众人连忙上前接过,将陈先生抬到远离火场的通风处。沈砚自己也踉跄几步,扶着墙剧烈咳嗽,脸上、手上都是烟灰,额发也被燎焦了一小片。

“砚哥儿!你没事吧?”赶来的里正和云大山也到了,见状大惊。

沈砚摆摆手,指着还在蔓延的火势,声音嘶哑:“快……救火……库房……书……”

此时,村里更多的青壮劳力已被铁蛋喊来。众人分成几队,有的从远处河边接力提水,有的就近用井水,还有的用沙土覆盖,奋力扑救。安儿也加入了提水的队伍,小小的身影在人群中穿梭,汗水混合着烟灰,糊了满脸。云岫赶到时,见丈夫和儿子虽狼狈却无大碍,陈先生也被抬到安全处,正由赶来的吴郎中施救,心中稍定,立刻组织后续赶来的妇人们,准备清水、毛巾,照顾救火的人。

火势最终在众人的合力下被控制、扑灭。灶房烧毁了大半,杂物库房一角受损,所幸火未蔓延至存放书籍的库房深处,也保住了陈先生厢房的大部。只是那灶房和杂物间,已是一片焦黑狼藉,断壁残垣,冒着缕缕青烟,散发着难闻的气味。

救火的人群渐渐散去,只留下几个村老和沈家、陈家的人在清理现场,检查损失。陈先生已悠悠醒转,只是受了惊吓,又吸入些烟尘,咳个不停,被老妻搀扶着,对沈砚千恩万谢。沈砚只是摆手,让人先扶先生回家好生休息。

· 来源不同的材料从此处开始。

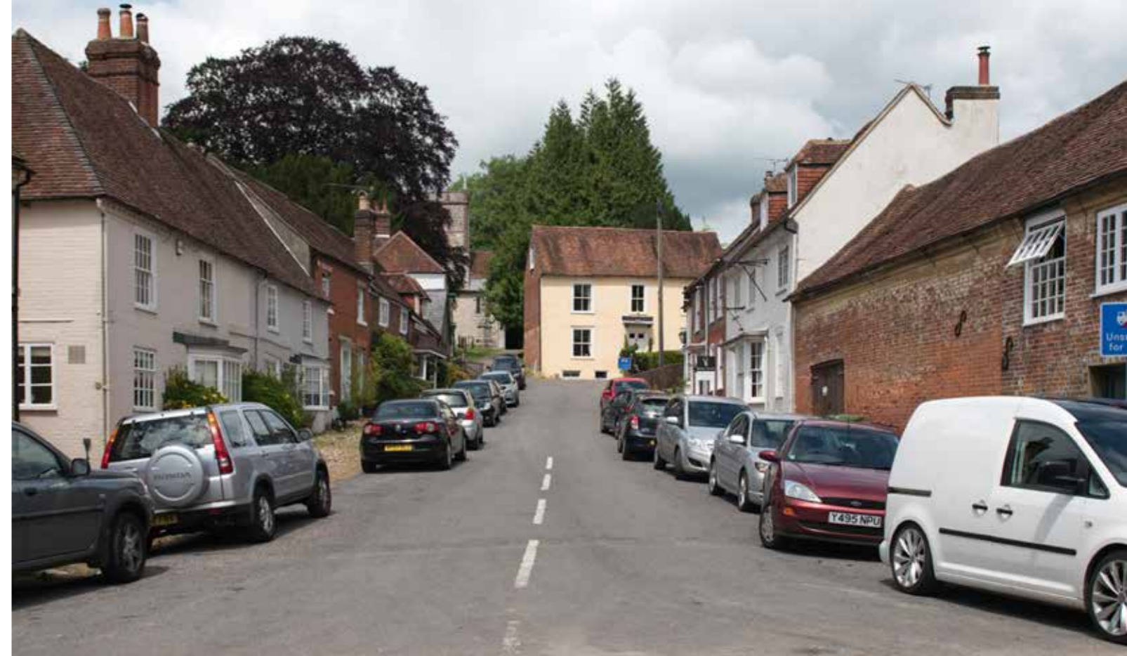
Above: High Street looking north towards the church of St Peter and St Paul

There are a few wrought iron lamp brackets (presumably for oil lamps) still to be seen in the village but these have long been out of use. Thirty years ago there was a single light on the pedestrian refuge at the Green Man junction. That gave way to an illuminated bollard which in turn gave way to a pair of unlit, reflective bollards. Finally these have been removed along with the pedestrian refuge itself. In many ways this progression is representative of the wish to achieve a simpler, timeless ambience to the village which drives this village design statement. Today the village has no street lighting and there is a strong desire to keep it that way. [HVDG52]

日头偏西,暑热未退,但空气中那股焦糊味和紧张气氛,却让每个人心头都沉甸甸的。里正和几位村老聚在烧毁的废墟前,面色凝重。学堂是村里的公产,更是孩子们读书识字的地方,如今遭此一劫,修缮需要银钱人力,且眼看秋收在即,正是用钱用人的时候。

“火是怎么起的?”里正沉声问。

一个当时在附近玩耍的孩子怯生生地说:“我们……我们看见灶房烟囱在冒烟,然后……然后就看见窗户里有火光了……陈师母说,陈先生晌午热,让她烧了点水擦身,可能……可能柴火没熄尽,溅出来了……”

原来是天干物燥,用火不慎。众人叹息。沈砚看着那片焦黑,心中亦是沉重。学堂不仅是几间屋子,更是他和陈先生,乃至全村人对于女教化心血的寄托。

“修缮之事,刻不容缓。”沈砚缓缓开口,声音因烟熏和疲惫而沙哑,“所需银钱物料,我愿先垫付一半。其余部分,再请里正叔与各位村老商议,看是按户分摊,还是从村中公产支取。人力方面,农忙过后,我可以带着安儿和学堂里年长的学生一起出力。”

里正忙道:“砚哥儿,这怎么使得!你已救了陈先生,岂能再让你破费!”

云大山也道:“就是!村里的事,村里人一起担!银钱不够,我老头子还有些积蓄!”

几位村老也纷纷表态。最终议定,沈家、云家各出一部分,村里公产出一部分,其余由各家自愿捐助。人力则由里正统一调度,农闲时动工。

事情议定,众人各自散去,心头却都蒙上了一层阴影。这场突如其来的火灾,像一根尖锐的刺,扎破了夏日沉闷的表皮,露出底下资源匮乏、应对无力的窘迫现实。它烧掉的不仅是几间屋舍,更是某种脆弱的安稳幻觉。

沈家院落里,气氛也有些压抑。沈砚洗去烟尘,换了干净衣衫,但眉头依旧微蹙。云岫仔细检查了他被燎焦的发梢和有些发红的手背,幸好并无大碍,又忙着去照看同样灰头土脸、却坚持说自己“没事”的安儿。吴郎中给父子二人各灌了一碗清热润肺的汤药,又去探望了陈先生,回来也是唏嘘不已。

“天灾人祸,最是难防。”吴郎中叹道,“幸而人无大碍。只是这修缮……哎,眼看秋收,正是青黄不接之时。”

沈砚沉默片刻,道:“再难,学堂也得修。不能让孩子们没地方读书。”

晚饭桌上,异常安静。连宁儿都察觉到气氛不对,乖乖地扒着饭,不敢吵闹。安儿低着头,忽然小声说:“爹,要是……要是我们早点发现就好了。要是学堂附近有个大点的水缸,或者……或者有什么法子,能早点知道起火了……”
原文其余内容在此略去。